** Opening Data shown block **

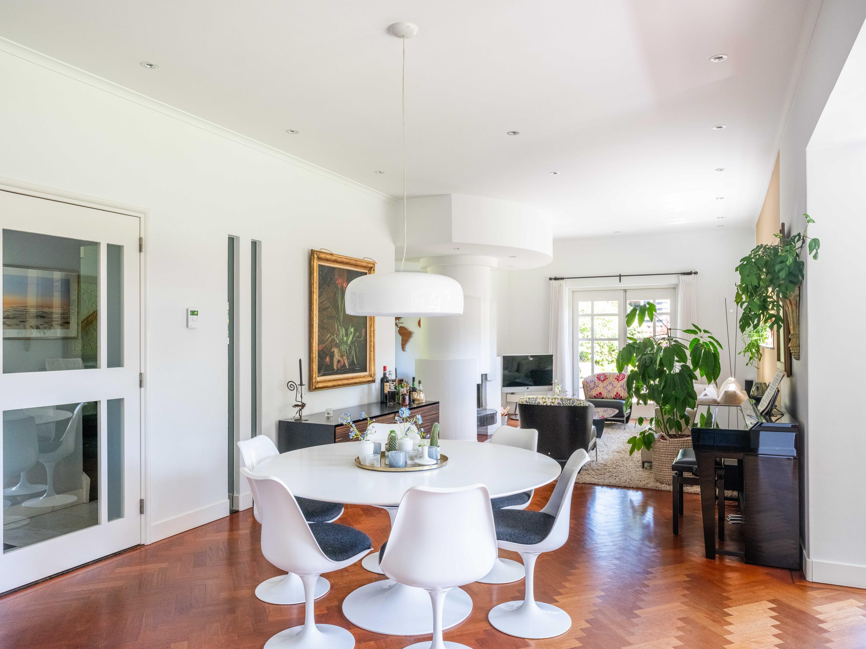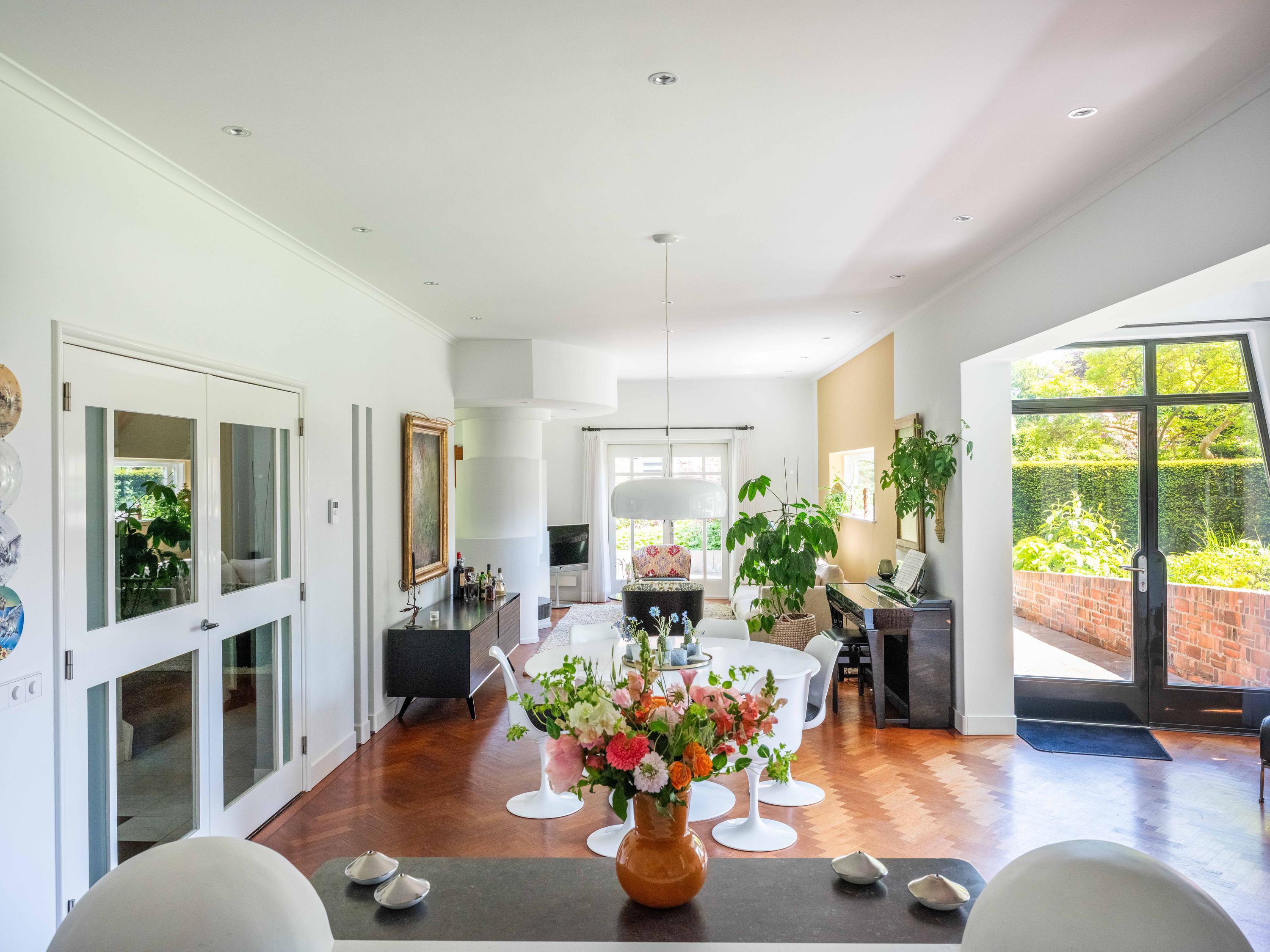 Openslaande deuren leiden naar de royale woonkamer met open haard, een eetgedeelte en serre. Opvallend is het verhoogde gedeelte "de stuurhut". Een mooie parketvloer met bies, de ronde vormen van de open haard , de "kompasbollen" bij de verhoging en het trapeziumvormige raam met kolommen geven het geheel een bijzondere uitstraling.
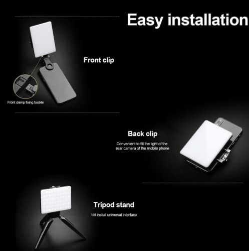 Molti modi per montare: una clip circolare attacca la luce al tuo smartphone, tablet, laptop fino a 18 mm di spessore e mantiene scoperta la fotocamera anteriore. Un supporto per telefono si adatta agli smartphone da 52 a 85 mm di larghezza e installa la luce sul retro del telefono per essere utilizzata come luce di riempimento. Due fori per viti da 1/4" montano direttamente la luce su qualsiasi supporto per luce
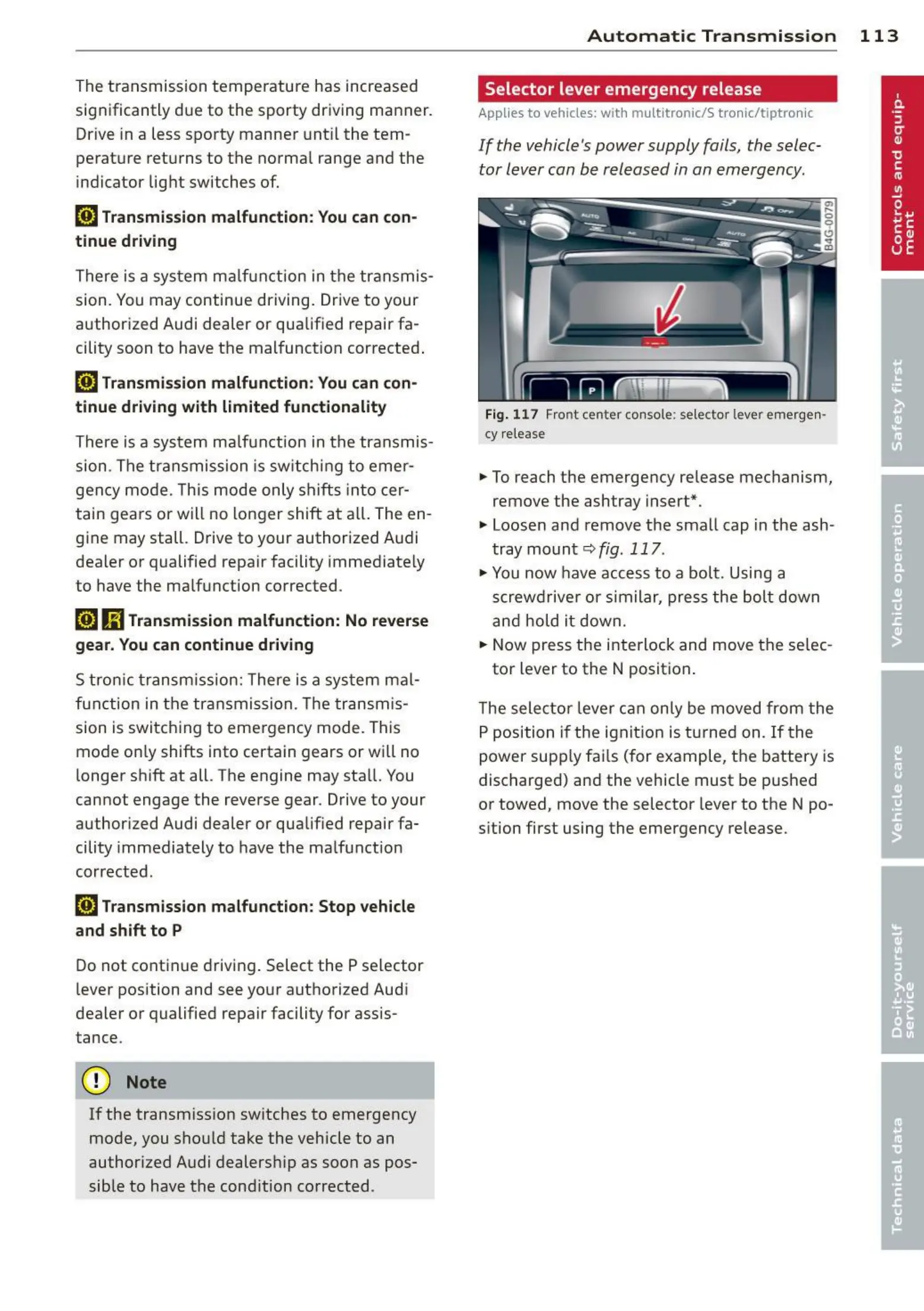 Fig. 1 17 Front center console: se lector lever emergen ·
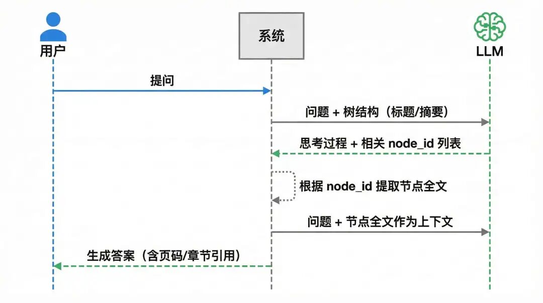 图:用户 → 系统 → LLM 的交互流程:提问 → 树结构推理 → 返回 node_id → 提取全文 → 生成答案

** Closing Data shown block **

Task prompt
Omitting all pictures, set the listing down exactly.

Solution
 Openslaande deuren leiden naar de royale woonkamer met open haard, een eetgedeelte en serre. Opvallend is het verhoogde gedeelte "de stuurhut". Een mooie parketvloer met bies, de ronde vormen van de open haard , de "kompasbollen" bij de verhoging en het trapeziumvormige raam met kolommen geven het geheel een bijzondere uitstraling.
 Molti modi per montare: una clip circolare attacca la luce al tuo smartphone, tablet, laptop fino a 18 mm di spessore e mantiene scoperta la fotocamera anteriore. Un supporto per telefono si adatta agli smartphone da 52 a 85 mm di larghezza e installa la luce sul retro del telefono per essere utilizzata come luce di riempimento. Due fori per viti da 1/4" montano direttamente la luce su qualsiasi supporto per luce
 Fig. 1 17 Front center console: se lector lever emergen ·
 图:用户 → 系统 → LLM 的交互流程:提问 → 树结构推理 → 返回 node_id → 提取全文 → 生成答案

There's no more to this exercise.